◆ What is being asked ◆
Restate all of the material, keeping every line identical to the original.

**** Data shown

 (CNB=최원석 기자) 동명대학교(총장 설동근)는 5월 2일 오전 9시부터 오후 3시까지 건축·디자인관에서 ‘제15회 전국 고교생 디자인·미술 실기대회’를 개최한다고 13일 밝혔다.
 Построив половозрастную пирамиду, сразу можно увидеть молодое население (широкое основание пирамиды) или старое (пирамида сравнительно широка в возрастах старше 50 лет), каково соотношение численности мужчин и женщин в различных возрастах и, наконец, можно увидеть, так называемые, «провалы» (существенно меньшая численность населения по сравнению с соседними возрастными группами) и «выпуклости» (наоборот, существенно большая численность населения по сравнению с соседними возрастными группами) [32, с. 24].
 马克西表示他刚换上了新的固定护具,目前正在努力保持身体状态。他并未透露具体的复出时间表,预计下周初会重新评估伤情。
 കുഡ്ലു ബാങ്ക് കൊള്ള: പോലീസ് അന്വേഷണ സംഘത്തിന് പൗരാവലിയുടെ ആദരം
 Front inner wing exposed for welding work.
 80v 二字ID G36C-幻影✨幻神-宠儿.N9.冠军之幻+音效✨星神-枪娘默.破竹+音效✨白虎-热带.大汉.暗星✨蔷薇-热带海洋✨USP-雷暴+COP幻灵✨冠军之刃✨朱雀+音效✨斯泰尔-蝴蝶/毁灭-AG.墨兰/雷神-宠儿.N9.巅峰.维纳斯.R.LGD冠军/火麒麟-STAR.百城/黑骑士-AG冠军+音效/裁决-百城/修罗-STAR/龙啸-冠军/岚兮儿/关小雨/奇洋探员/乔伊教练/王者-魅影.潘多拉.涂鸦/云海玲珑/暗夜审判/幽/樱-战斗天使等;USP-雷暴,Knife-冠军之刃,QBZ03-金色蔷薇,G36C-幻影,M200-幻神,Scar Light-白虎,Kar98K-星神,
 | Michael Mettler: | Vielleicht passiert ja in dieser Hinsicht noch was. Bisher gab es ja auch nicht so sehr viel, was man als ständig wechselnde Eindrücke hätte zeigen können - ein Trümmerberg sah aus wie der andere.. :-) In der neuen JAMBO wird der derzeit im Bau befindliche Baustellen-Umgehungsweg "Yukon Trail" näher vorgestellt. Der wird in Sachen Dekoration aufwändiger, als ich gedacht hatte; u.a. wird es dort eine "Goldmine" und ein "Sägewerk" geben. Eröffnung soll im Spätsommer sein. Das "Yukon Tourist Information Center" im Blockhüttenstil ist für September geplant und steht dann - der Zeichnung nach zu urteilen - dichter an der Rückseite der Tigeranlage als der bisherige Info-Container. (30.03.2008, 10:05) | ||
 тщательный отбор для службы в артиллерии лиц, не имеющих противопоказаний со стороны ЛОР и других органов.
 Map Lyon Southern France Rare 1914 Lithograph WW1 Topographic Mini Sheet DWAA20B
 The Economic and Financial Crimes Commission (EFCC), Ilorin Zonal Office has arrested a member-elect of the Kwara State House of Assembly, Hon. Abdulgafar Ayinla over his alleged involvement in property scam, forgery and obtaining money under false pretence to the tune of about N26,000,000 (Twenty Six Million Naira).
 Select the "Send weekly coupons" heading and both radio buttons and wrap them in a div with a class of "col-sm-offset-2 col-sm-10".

********

◆ Written response ◆
 (CNB=최원석 기자) 동명대학교(총장 설동근)는 5월 2일 오전 9시부터 오후 3시까지 건축·디자인관에서 ‘제15회 전국 고교생 디자인·미술 실기대회’를 개최한다고 13일 밝혔다.
 Построив половозрастную пирамиду, сразу можно увидеть молодое население (широкое основание пирамиды) или старое (пирамида сравнительно широка в возрастах старше 50 лет), каково соотношение численности мужчин и женщин в различных возрастах и, наконец, можно увидеть, так называемые, «провалы» (существенно меньшая численность населения по сравнению с соседними возрастными группами) и «выпуклости» (наоборот, существенно большая численность населения по сравнению с соседними возрастными группами) [32, с. 24].
 马克西表示他刚换上了新的固定护具,目前正在努力保持身体状态。他并未透露具体的复出时间表,预计下周初会重新评估伤情。
 കുഡ്ലു ബാങ്ക് കൊള്ള: പോലീസ് അന്വേഷണ സംഘത്തിന് പൗരാവലിയുടെ ആദരം
 Front inner wing exposed for welding work.
 80v 二字ID G36C-幻影✨幻神-宠儿.N9.冠军之幻+音效✨星神-枪娘默.破竹+音效✨白虎-热带.大汉.暗星✨蔷薇-热带海洋✨USP-雷暴+COP幻灵✨冠军之刃✨朱雀+音效✨斯泰尔-蝴蝶/毁灭-AG.墨兰/雷神-宠儿.N9.巅峰.维纳斯.R.LGD冠军/火麒麟-STAR.百城/黑骑士-AG冠军+音效/裁决-百城/修罗-STAR/龙啸-冠军/岚兮儿/关小雨/奇洋探员/乔伊教练/王者-魅影.潘多拉.涂鸦/云海玲珑/暗夜审判/幽/樱-战斗天使等;USP-雷暴,Knife-冠军之刃,QBZ03-金色蔷薇,G36C-幻影,M200-幻神,Scar Light-白虎,Kar98K-星神,
 | Michael Mettler: | Vielleicht passiert ja in dieser Hinsicht noch was. Bisher gab es ja auch nicht so sehr viel, was man als ständig wechselnde Eindrücke hätte zeigen können - ein Trümmerberg sah aus wie der andere.. :-) In der neuen JAMBO wird der derzeit im Bau befindliche Baustellen-Umgehungsweg "Yukon Trail" näher vorgestellt. Der wird in Sachen Dekoration aufwändiger, als ich gedacht hatte; u.a. wird es dort eine "Goldmine" und ein "Sägewerk" geben. Eröffnung soll im Spätsommer sein. Das "Yukon Tourist Information Center" im Blockhüttenstil ist für September geplant und steht dann - der Zeichnung nach zu urteilen - dichter an der Rückseite der Tigeranlage als der bisherige Info-Container. (30.03.2008, 10:05) | ||
 тщательный отбор для службы в артиллерии лиц, не имеющих противопоказаний со стороны ЛОР и других органов.
 Map Lyon Southern France Rare 1914 Lithograph WW1 Topographic Mini Sheet DWAA20B
 The Economic and Financial Crimes Commission (EFCC), Ilorin Zonal Office has arrested a member-elect of the Kwara State House of Assembly, Hon. Abdulgafar Ayinla over his alleged involvement in property scam, forgery and obtaining money under false pretence to the tune of about N26,000,000 (Twenty Six Million Naira).
 Select the "Send weekly coupons" heading and both radio buttons and wrap them in a div with a class of "col-sm-offset-2 col-sm-10".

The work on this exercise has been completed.